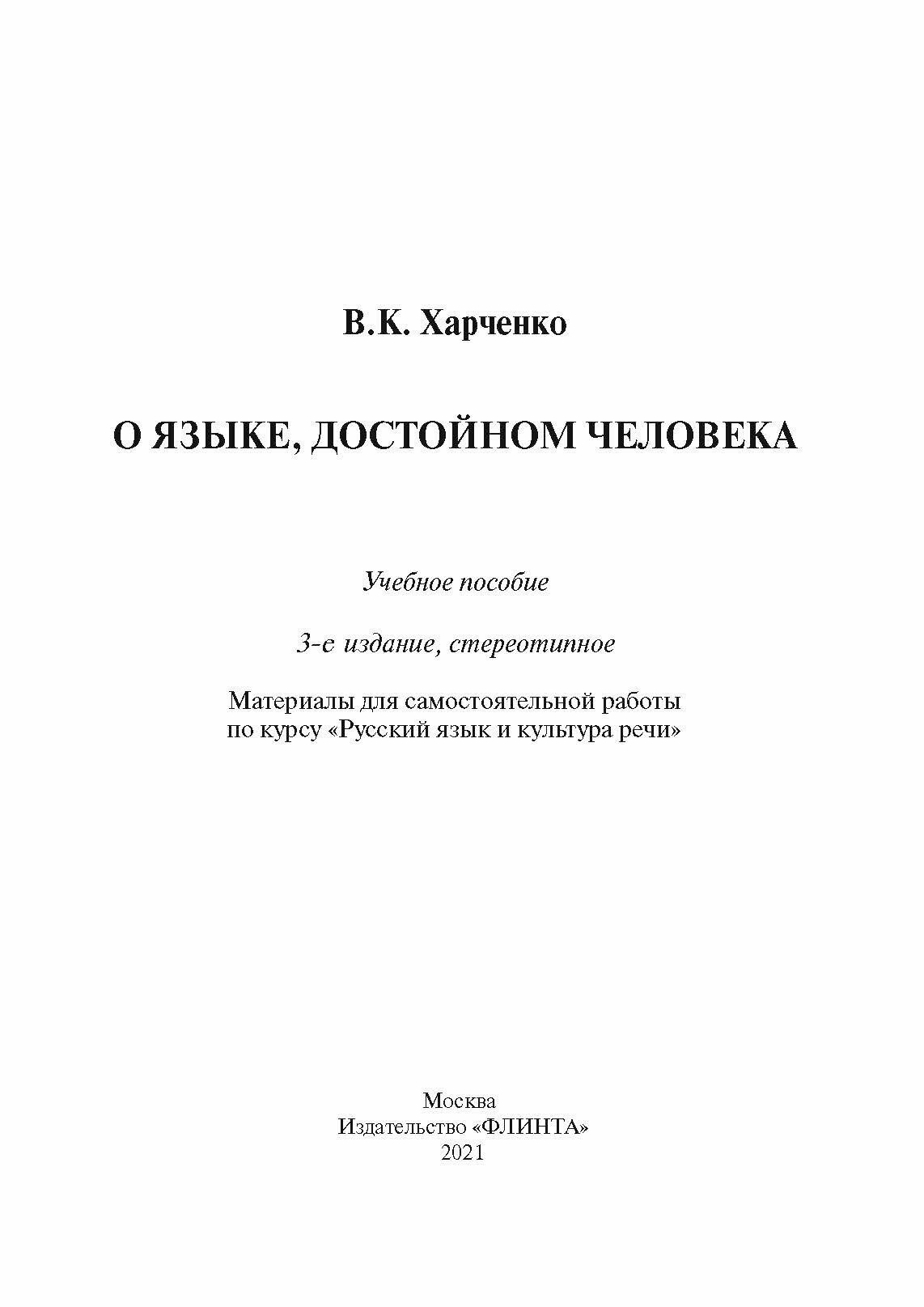 О языке, достойном человека. Учебное пособие; Флинта, 2010
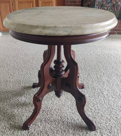 The marble surface shows gentle wear consistent with age, adding to its authenticity. The woodwork remains in excellent condition with no visible flaws or blemishes.
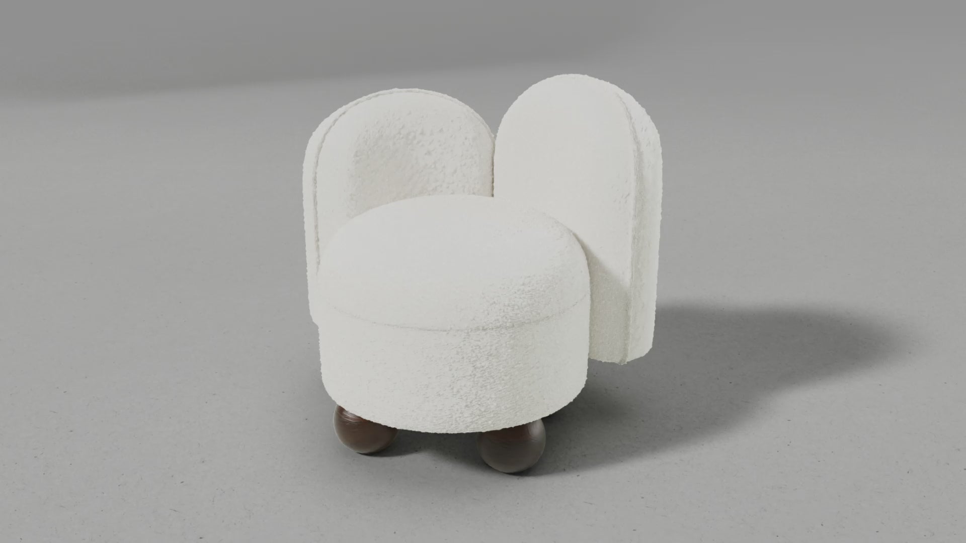 The Poppy Chair is a delightful blend of modern design and cozy comfort. Upholstered in luxurious boucle fabric, its rounded form and plush seat provide an inviting space to relax, while the sculptural wooden ball legs add a playful yet sophisticated touch.

> **INSTRUCTIONS TO FOLLOW**:
The whole listing above is to be printed again exactly; pictures stay out of it.

> **RESULT**:
 О языке, достойном человека. Учебное пособие; Флинта, 2010
 The marble surface shows gentle wear consistent with age, adding to its authenticity. The woodwork remains in excellent condition with no visible flaws or blemishes.
 The Poppy Chair is a delightful blend of modern design and cozy comfort. Upholstered in luxurious boucle fabric, its rounded form and plush seat provide an inviting space to relax, while the sculptural wooden ball legs add a playful yet sophisticated touch.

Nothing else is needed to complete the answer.